Data extract: Begin

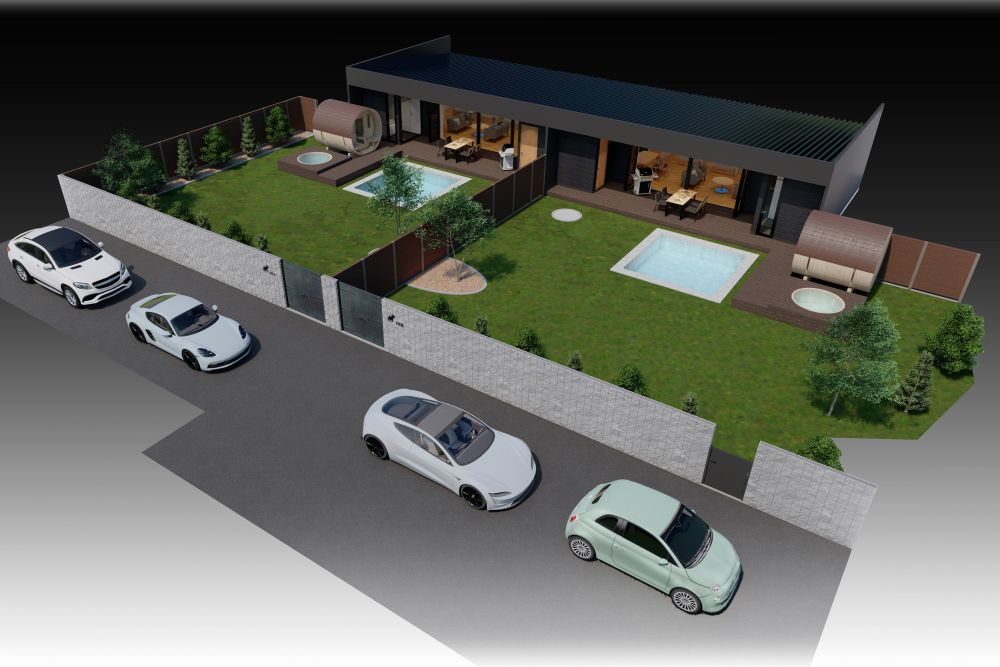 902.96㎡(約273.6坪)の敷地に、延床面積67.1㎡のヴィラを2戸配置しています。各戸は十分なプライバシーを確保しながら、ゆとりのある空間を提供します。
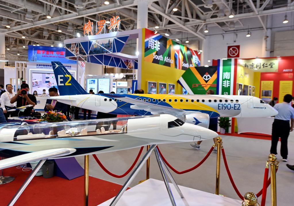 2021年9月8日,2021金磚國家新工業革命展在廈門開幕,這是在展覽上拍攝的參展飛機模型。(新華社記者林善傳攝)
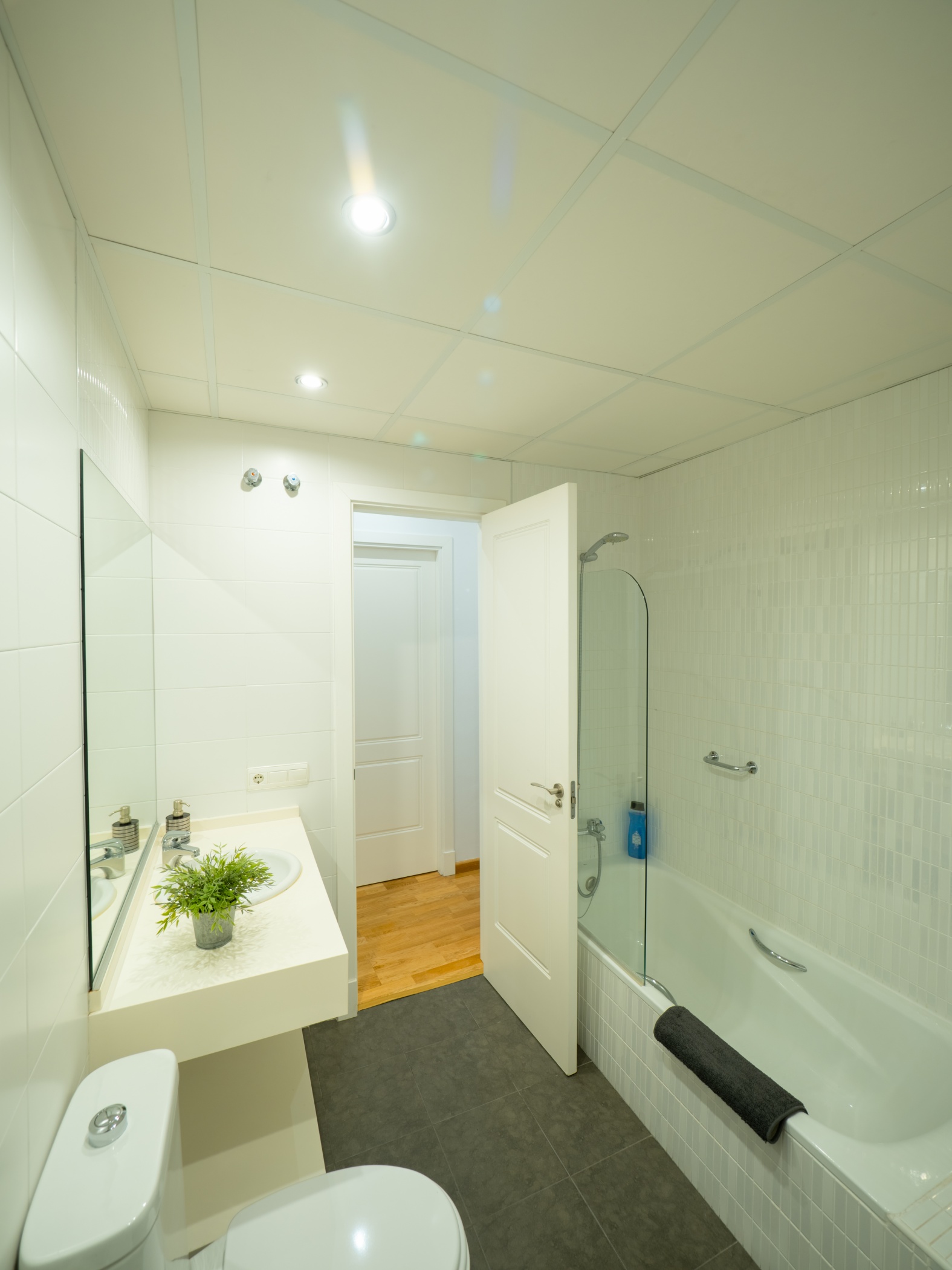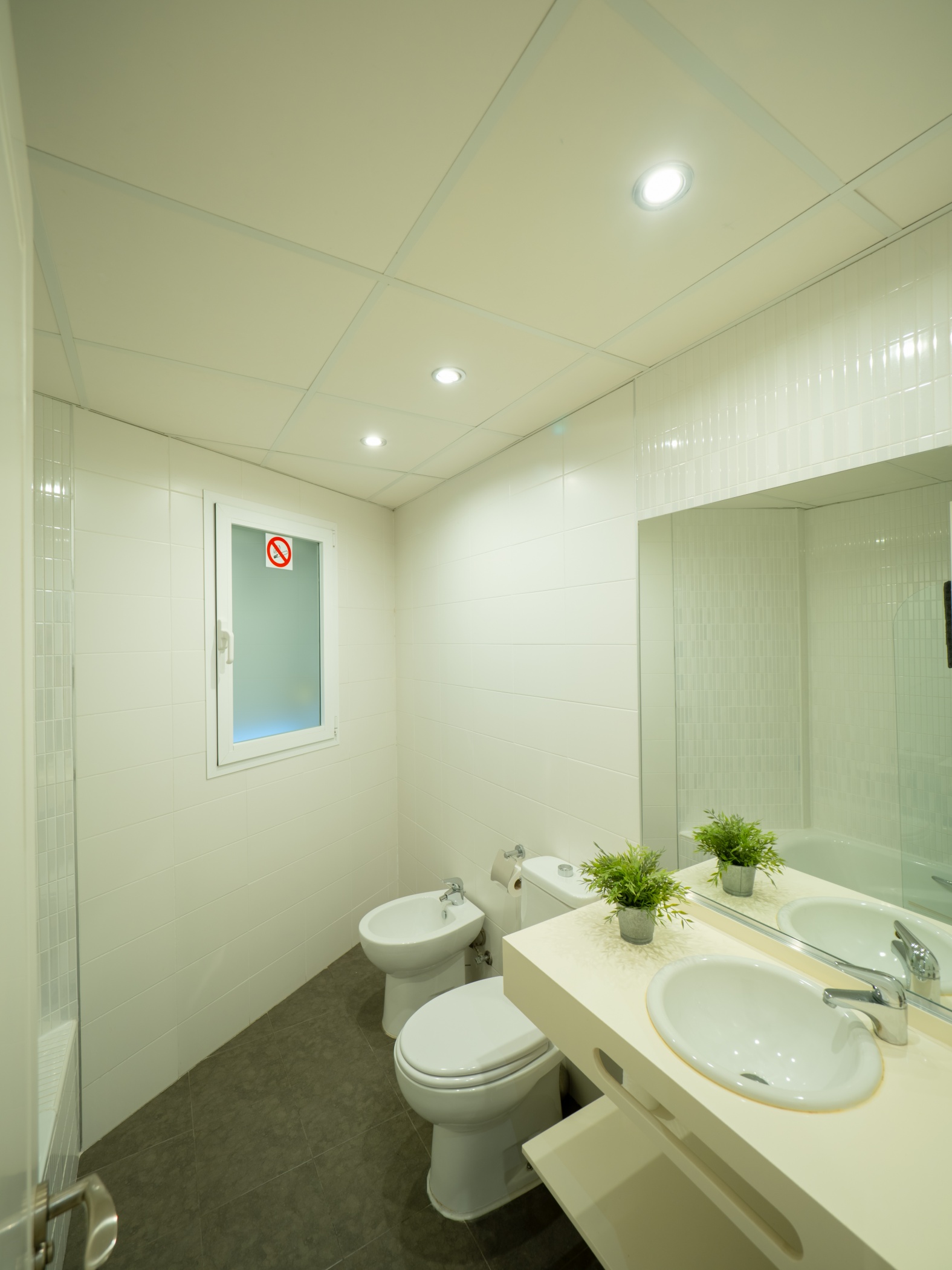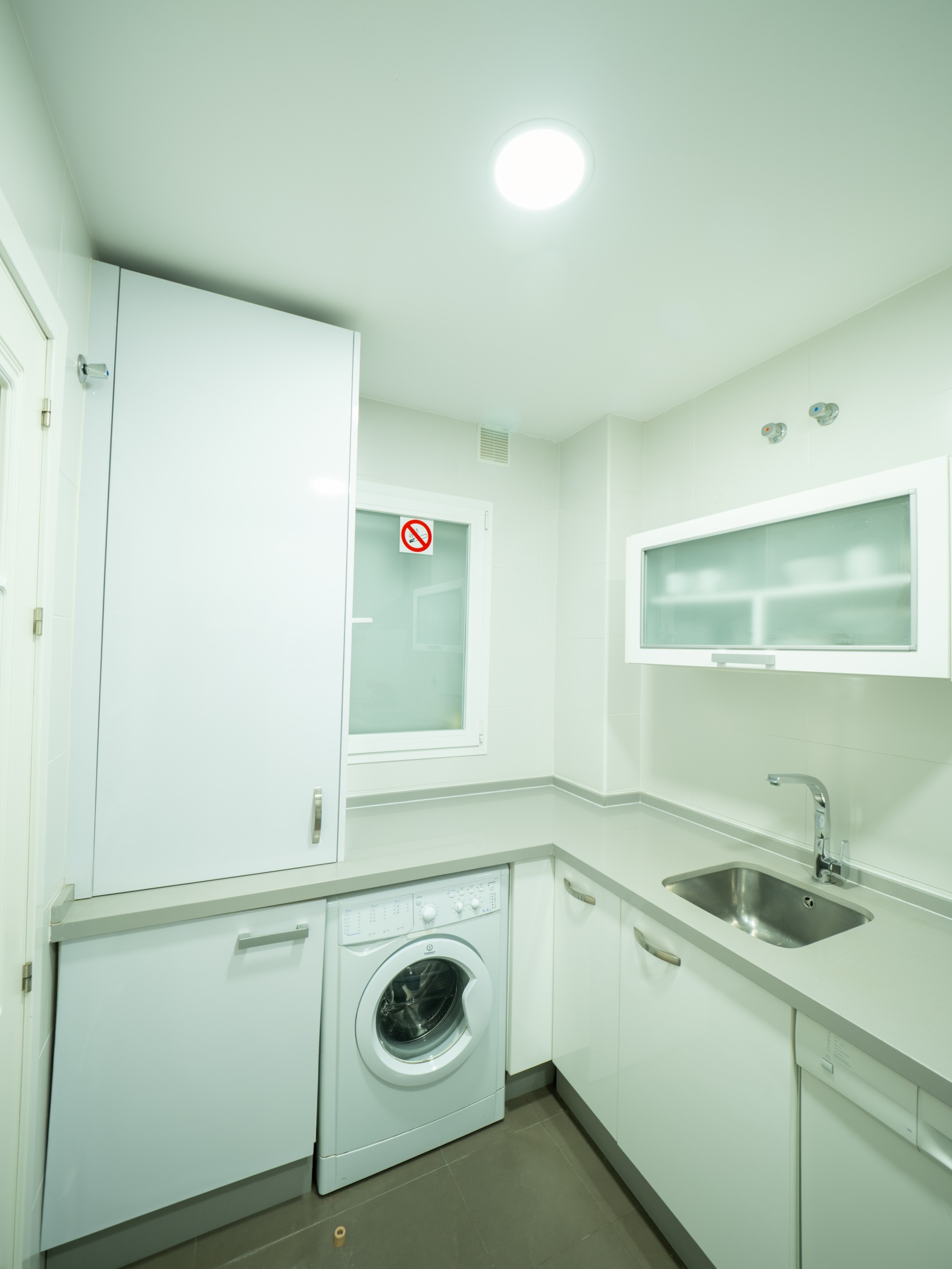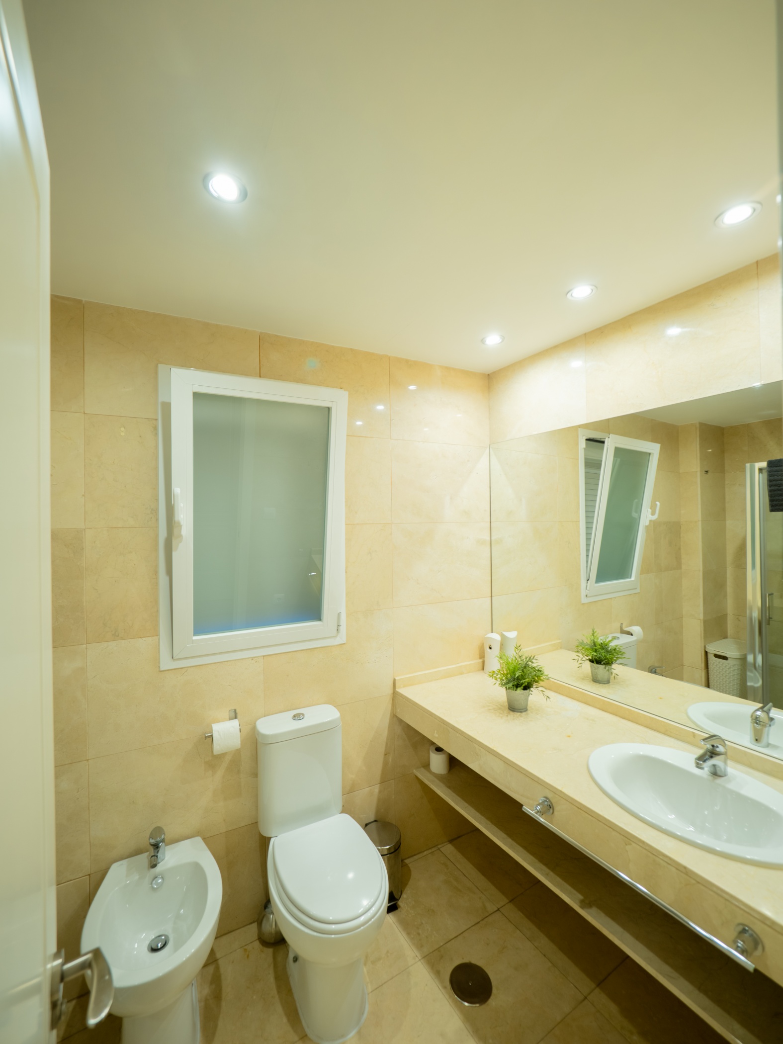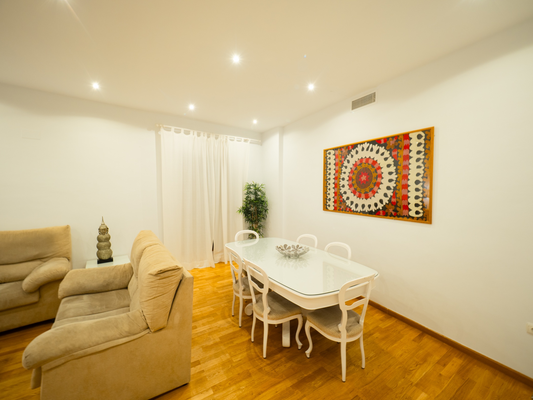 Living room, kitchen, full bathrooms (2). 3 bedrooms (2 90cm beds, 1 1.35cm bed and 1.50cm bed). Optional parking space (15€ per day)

Data extract: End

Problem statement:
Your copy must start at the line that holds "2021年9月8日,2021" and end at the last line of the data, both included; it must contain no pictures.

Task solution:
 2021年9月8日,2021金磚國家新工業革命展在廈門開幕,這是在展覽上拍攝的參展飛機模型。(新華社記者林善傳攝)
 Living room, kitchen, full bathrooms (2). 3 bedrooms (2 90cm beds, 1 1.35cm bed and 1.50cm bed). Optional parking space (15€ per day)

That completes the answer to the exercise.